(Saved data entries)
————————

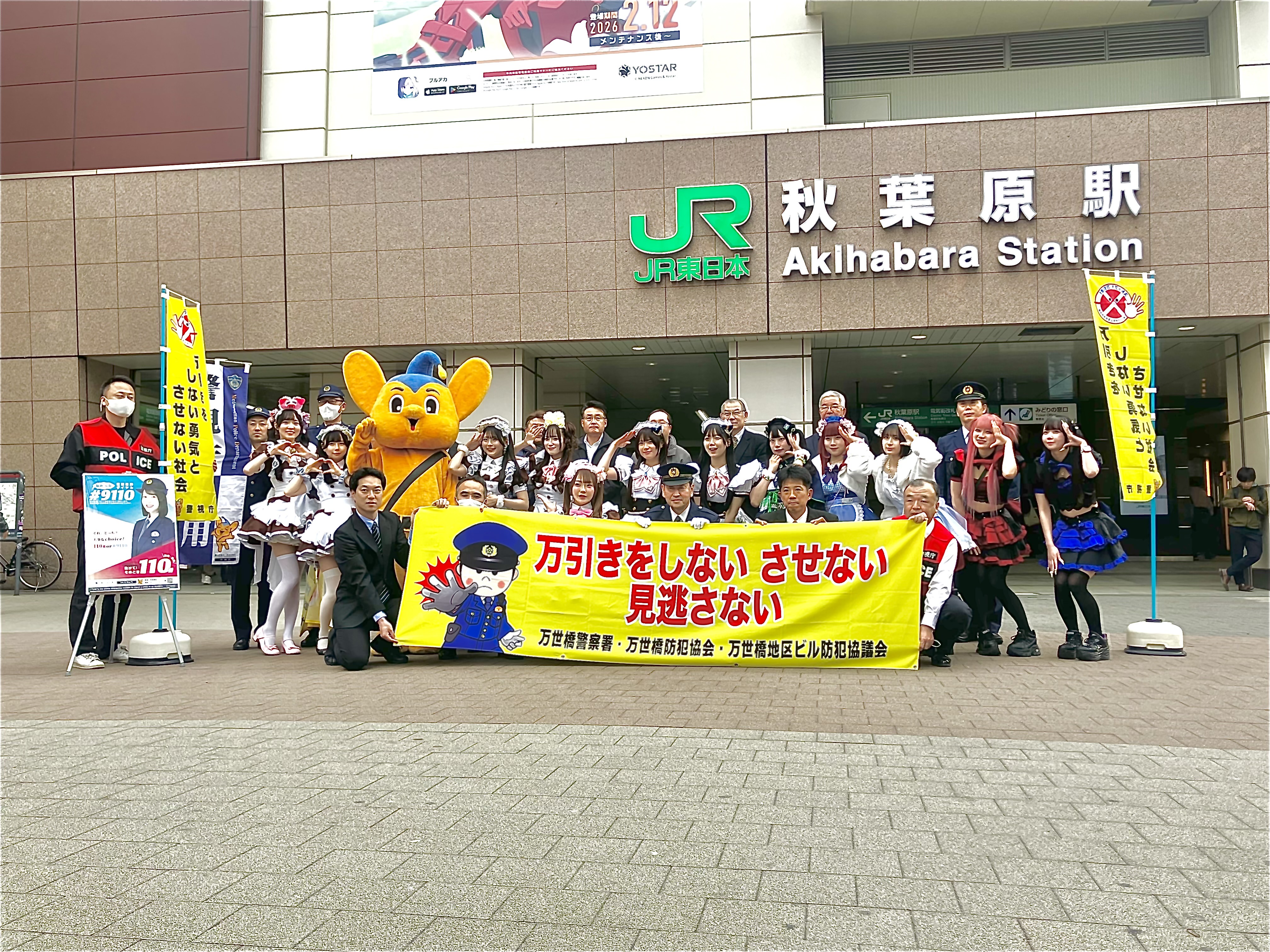 秋葉原駅前で行われた『万引き防止キャンペーン』に、メイドメイド秋葉原駅前店のつむぎが参加しました。
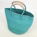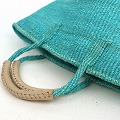 サイザルバッグ共手9インチ ハンドル生成革巻き ミント
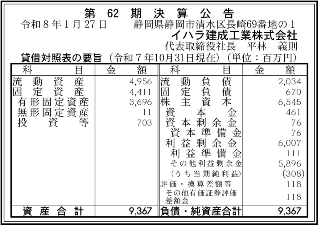 | 総資産 | 93億6,700万円 (▲1.12%) |
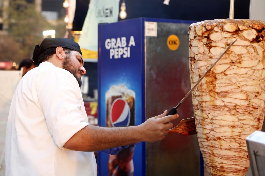 ISLAMABAD, 17 décembre (Xinhua) -- Un chef prépare un shawarma (un kebab traditionnel) lors d'un festival de l'alimentation dans la capitale pakistanaise d'Islamabad, le 17 décembre 2022. Ce festival de trois jours a débuté vendredi à Islamabad. (Xinhua/Ahmad Kamal)
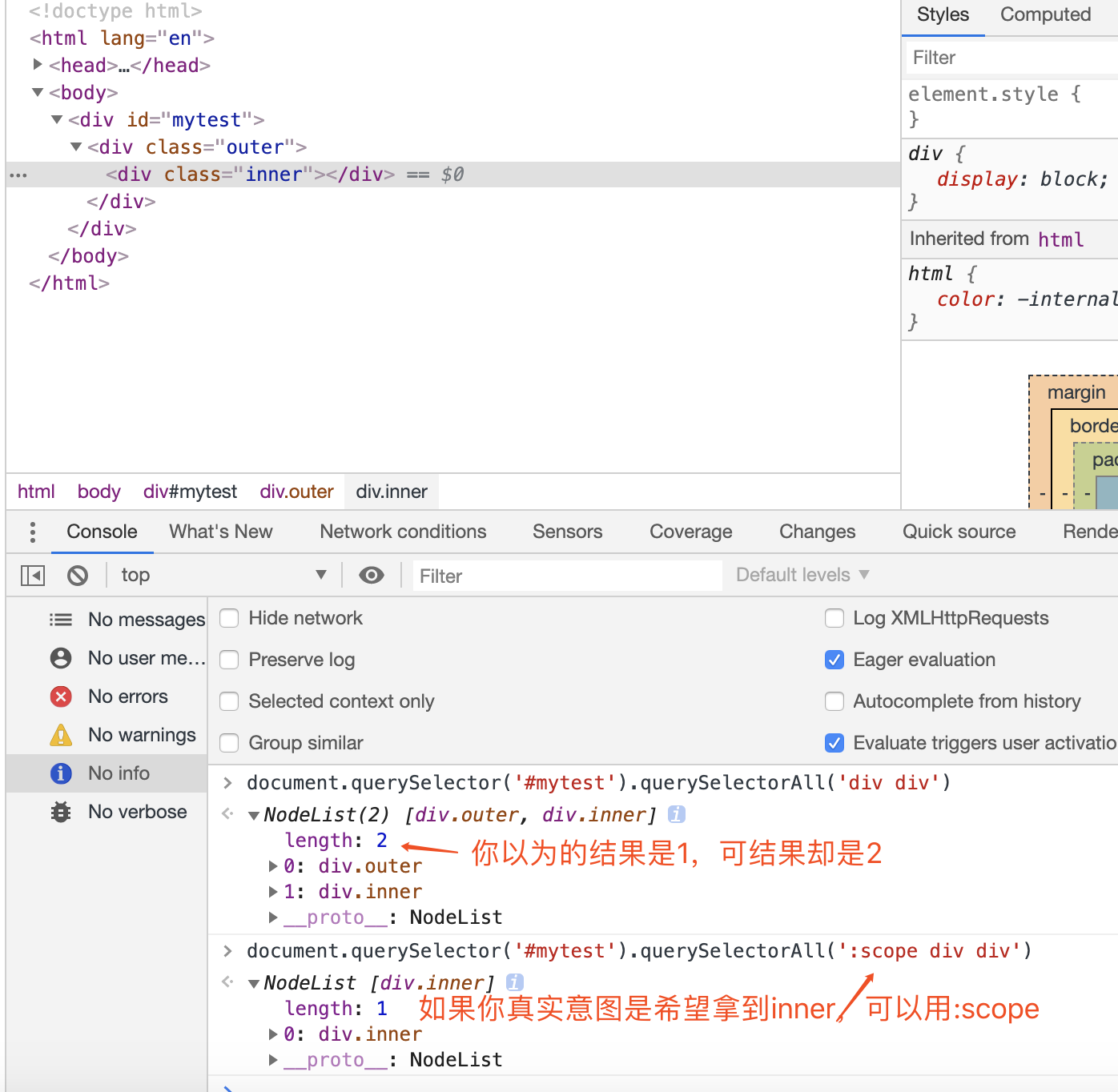 原因:querySelectorAll里面的选择器是全局匹配模式 所以上面浏览器执行的语义是查询#mytest的子元素,同时满足整个页面下div div选择器条件的DOM元素们

————————

None of the pictures belong in the result. Print exactly the lines from the one containing "93億6,700万円 (▲1.12%) |" through the final line of the entries.

● **COMPLETED EXERCISE**
 | 総資産 | 93億6,700万円 (▲1.12%) |
 ISLAMABAD, 17 décembre (Xinhua) -- Un chef prépare un shawarma (un kebab traditionnel) lors d'un festival de l'alimentation dans la capitale pakistanaise d'Islamabad, le 17 décembre 2022. Ce festival de trois jours a débuté vendredi à Islamabad. (Xinhua/Ahmad Kamal)
 原因:querySelectorAll里面的选择器是全局匹配模式 所以上面浏览器执行的语义是查询#mytest的子元素,同时满足整个页面下div div选择器条件的DOM元素们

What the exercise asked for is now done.